Exercise aim
Exactly reproduce the lines from the one holding "誕生日のお祝いを華やかに彩る" through the end of the records, including both boundary lines but no pictures.

Supplied entries
[Start of Attachment]
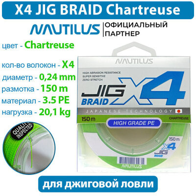 Купить Шнур Nautilus X4 Jig Braid Chartreuse d-0.24мм 20.1кг 3,5PE 150м
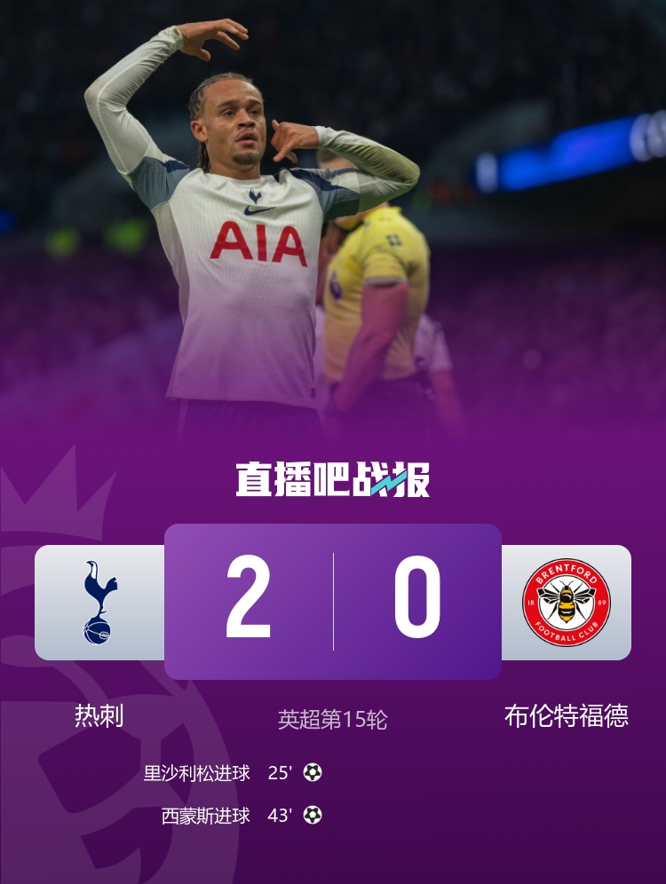热刺2-0打败布伦特福德,里沙利松、西蒙斯各入一球。
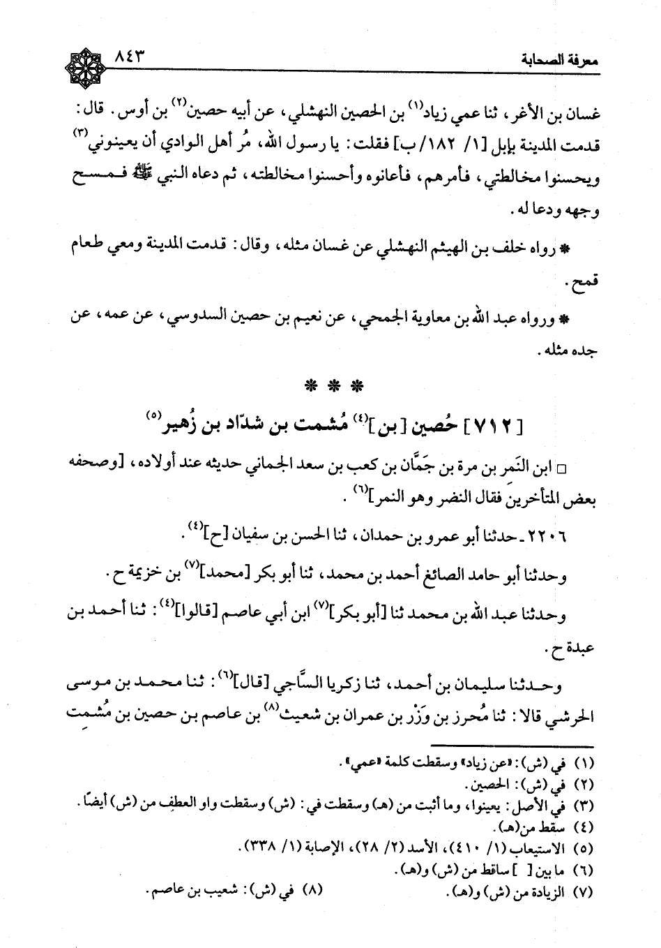 ٢٢٠٦ - حَدَّثَنَا أَبُو عَمْرِو بْنُ حَمْدَانَ، ثنا الْحَسَنُ بْنُ سُفْيَانَ، ح وَحَدَّثَنَا أَبُو حَامِدٍ الصَّائِغُ أَحْمَدُ بْنُ مُحَمَّدٍ، ثنا أَبُو بَكْرٍ مُحَمَّدُ بْنُ خُزَيْمَةَ ح وَحَدَّثَنَا عَبْدُ اللهِ بْنُ مُحَمَّدٍ، ثنا أَبُو بَكْرِ بْنُ أَبِي عَاصِمٍ، قَالُوا: ثنا أَحْمَدُ بْنُ عَبْدَةَ ح وَحَدَّثَنَا سُلَيْمَانُ بْنُ أَحْمَدَ، ثنا زَكَرِيَّا السَّاجِيُّ، قَالَ: ثنا مُحَمَّدُ بْنُ مُوسَى الْحَرَشِيُّ، قَالَا: ثنا مُحْرِزُ بْنُ وَزْرِ بْنِ عِمْرَانَ بْنِ شُعَيْثِ بْنِ عَاصِمِ بْنِ حُصَيْنِ بْنِ مُشْمِتِ ⦗٨٤٤⦘ بْنِ شَدَّادِ بْنِ النَّمِرِ بْنِ مُرَّةَ بْنِ جُمَانَ، حَدَّثَنِي أَبِي وَزْرٌ، أَنَّ أَبَاهُ عِمْرَانَ حَدَّثَهُ أَنَّ أَبَاهُ شُعَيْثًا حَدَّثَهُ أَنَّ أَبَاهُ عَاصِمًا حَدَّثَهُ" أَنَّ أَبَاهُ حُصَيْنًا حَدَّثَهُ أَنَّهُ وَفَدَ إِلَى رَسُولِ اللهِ صَلَّى اللَّهُ عَلَيْهِ وَسَلَّمَ فَبَايَعَهُ بَيْعَةَ الْإِسْلَامِ، وَصَدَّقَ إِلَيْهِ صَدَقَةَ مَالِهِ وَأَقْطَعَهُ النَّبِيُّ صَلَّى اللَّهُ عَلَيْهِ وَسَلَّمَ مِيَاهًا عِدَّةً بِالْمِرْوَثِ، وَإِسْنَادُ جَرَادٍ مِنْهَا أُصَيْهِيبٌ وَمِنْهَا الْمَاعِزَةُ وَمِنْهَا أَهْوَاءٌ وَمِنْهَا الثِّمَادُ وَمِنْهَا السَّدِيرَةُ وَشَرْطَ لِحُصَيْنِ بْنِ مُشْمِتٍ، فِيمَا قُطِعَ لَهُ أَنْ لَا يُعْقَرَ مَرْعَاهُ وَلَا يُبَاعَ مَاؤُهُ، وَشَرَطَ عَلَى حُصَيْنِ بْنِ مُشْمِتٍ أَنْ لَا يَبِيعَ مَاءَهُ وَلَا يَمْنَعَ فَضْلَهُ فَقَالَ زُهَيْرُ بْنُ عَاصِمِ بْنِ حُصَيْنٍ:
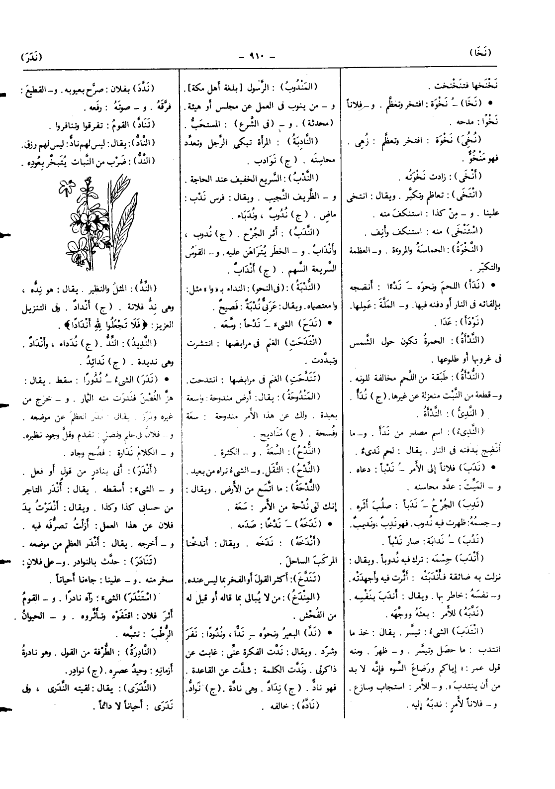 (النّدب) السَّرِيع الْخَفِيف عِنْد الْحَاجة والظريف النجيب وَيُقَال فرس ندب مَاض (ج) ندوب وندباء
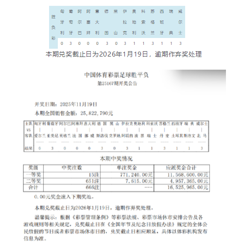 北京时间11月19日,胜负彩第25167期开奖结果揭晓。14场1等开出15注,单注奖金77.1万元,14场2等开出651注,单注奖金7615元。任九开出7578注,单注奖金1171元。本期14场销量为25,822,790元,任九投注总额为13,866,100元。
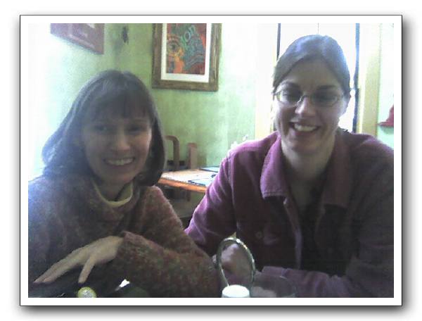 a snapshot with my Treo 650 cameraphone: Lunch with Angie & Priscilla at Aretha Frankensteins
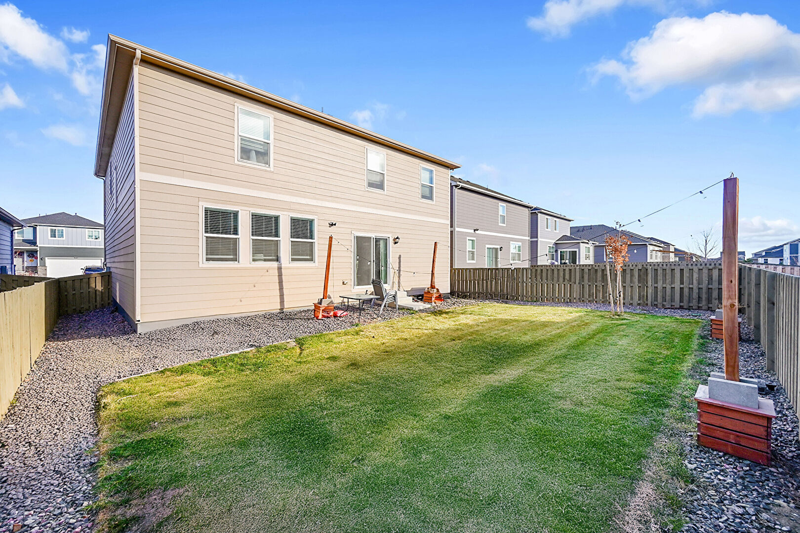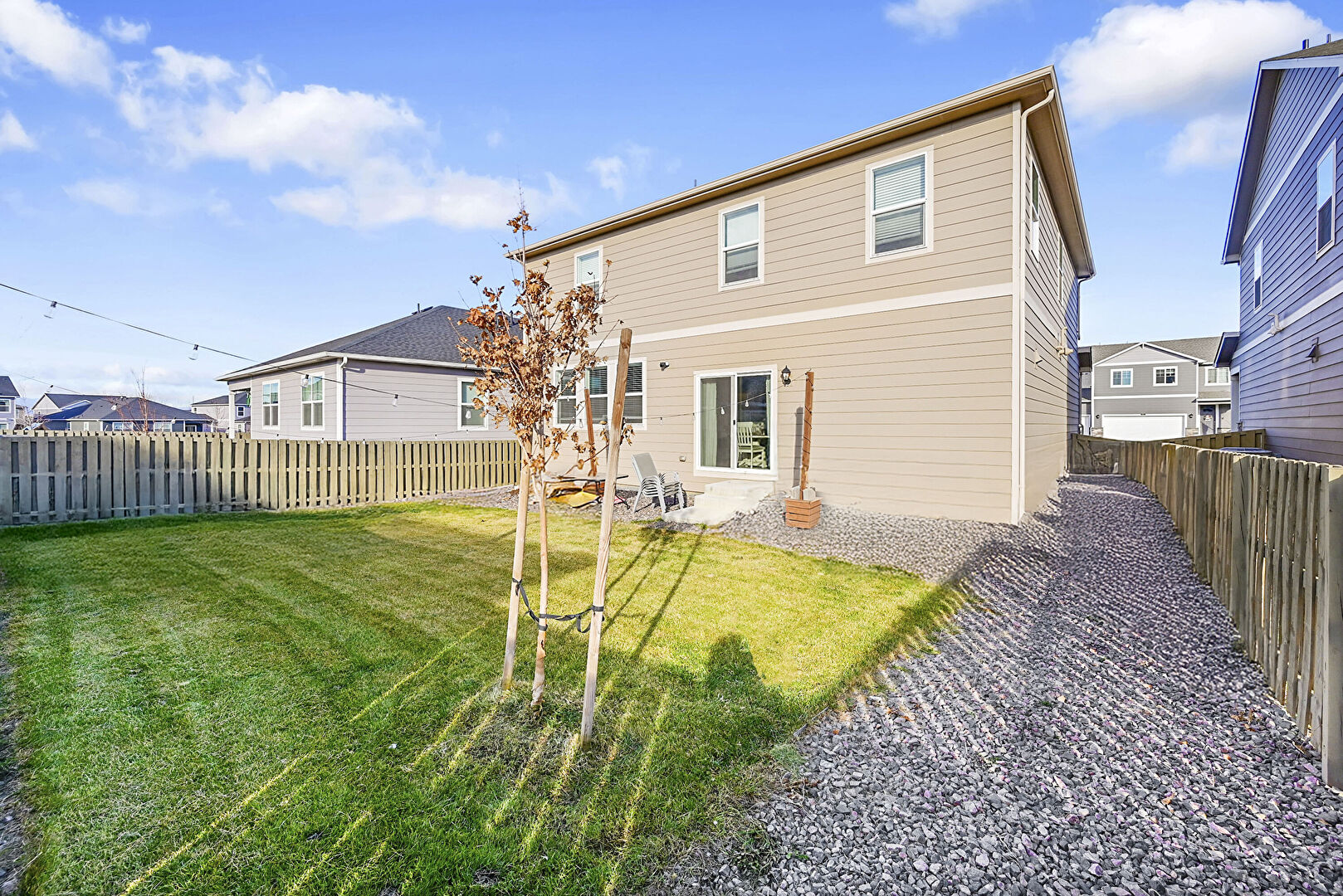 Concrete Foundation, Downspout, Fence, Fire Pit, Gutters, Horizontal Siding, Lawn, Patio, Residential View, Horizontal Siding, Patio
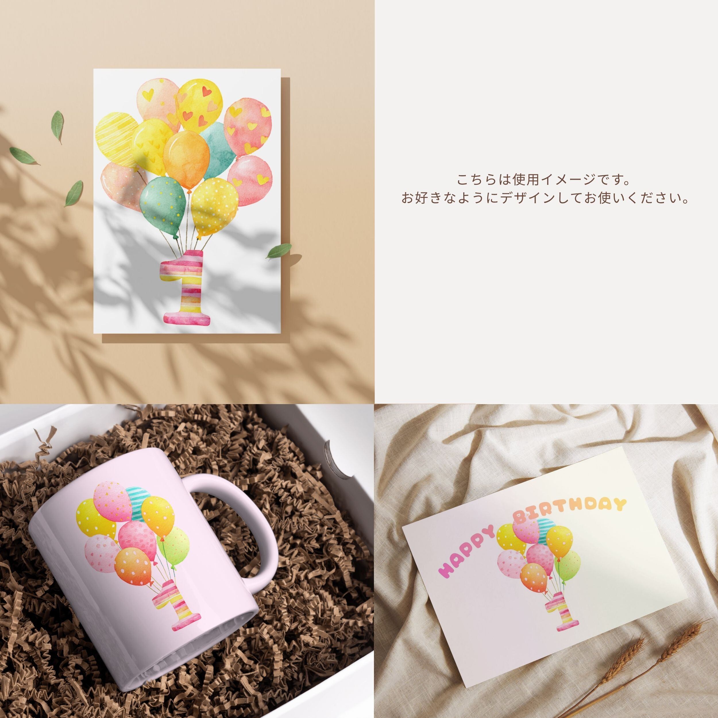 誕生日のお祝いを華やかに彩る、可愛らしいバルーンのイラスト素材セットです。明るくてやさしい色合いが、特別な日の雰囲気を一層引き立ててくれます。デジタル素材として、さまざまなデザインに大活躍すること間違いなし✨
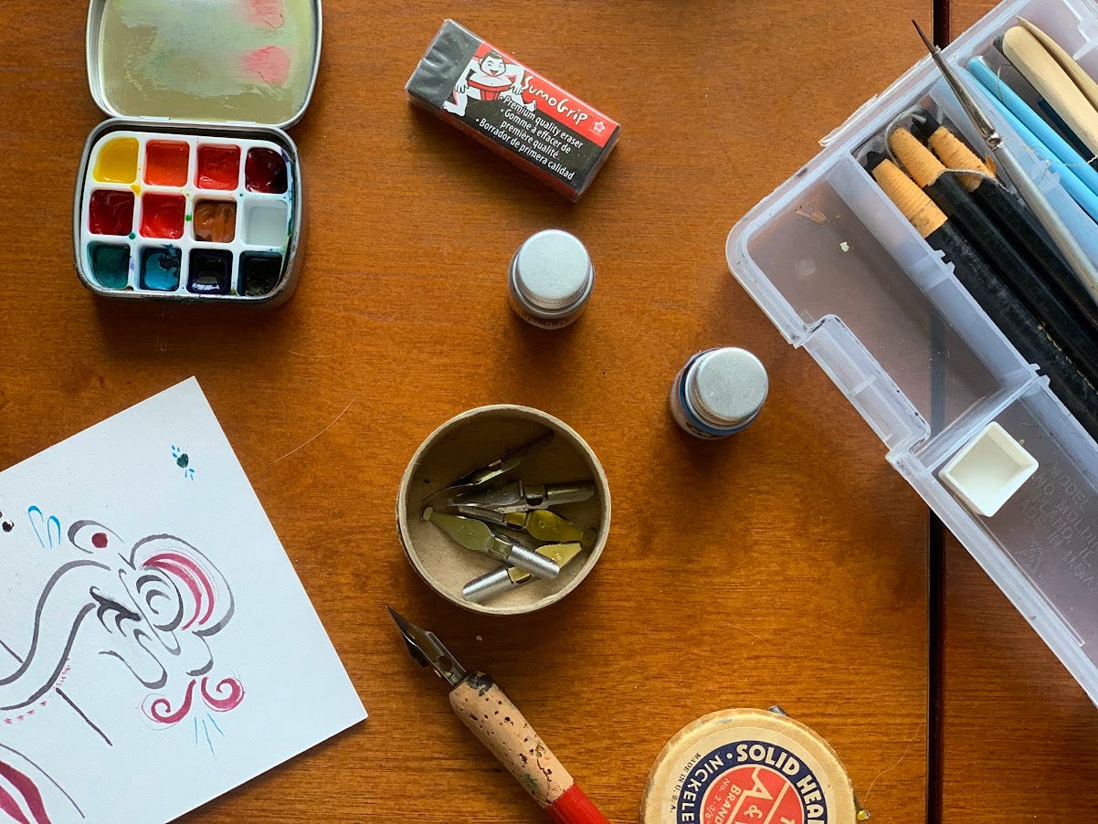 Once I persuaded Toast that her cat shelves were more comfortable than my art desk, I sat there for a long time staring at a postcard. I didn’t have a lot of time, but I really wanted to actually make art, on paper, and I had no ideas. Finally, I swung around and looked at the shelves. I had inks. I had dip pens - well, I have several, but I found one. I had paintbrushes, and alcohol for cleaning, and a moment later, a cup of water for rinsing as well. I stopped trying to ‘make art’ and just made marks. One of my goals is going to be to make physical art every day, again. I miss that.
[End of Attachment]
Exercise output
 誕生日のお祝いを華やかに彩る、可愛らしいバルーンのイラスト素材セットです。明るくてやさしい色合いが、特別な日の雰囲気を一層引き立ててくれます。デジタル素材として、さまざまなデザインに大活躍すること間違いなし✨
 Once I persuaded Toast that her cat shelves were more comfortable than my art desk, I sat there for a long time staring at a postcard. I didn’t have a lot of time, but I really wanted to actually make art, on paper, and I had no ideas. Finally, I swung around and looked at the shelves. I had inks. I had dip pens - well, I have several, but I found one. I had paintbrushes, and alcohol for cleaning, and a moment later, a cup of water for rinsing as well. I stopped trying to ‘make art’ and just made marks. One of my goals is going to be to make physical art every day, again. I miss that.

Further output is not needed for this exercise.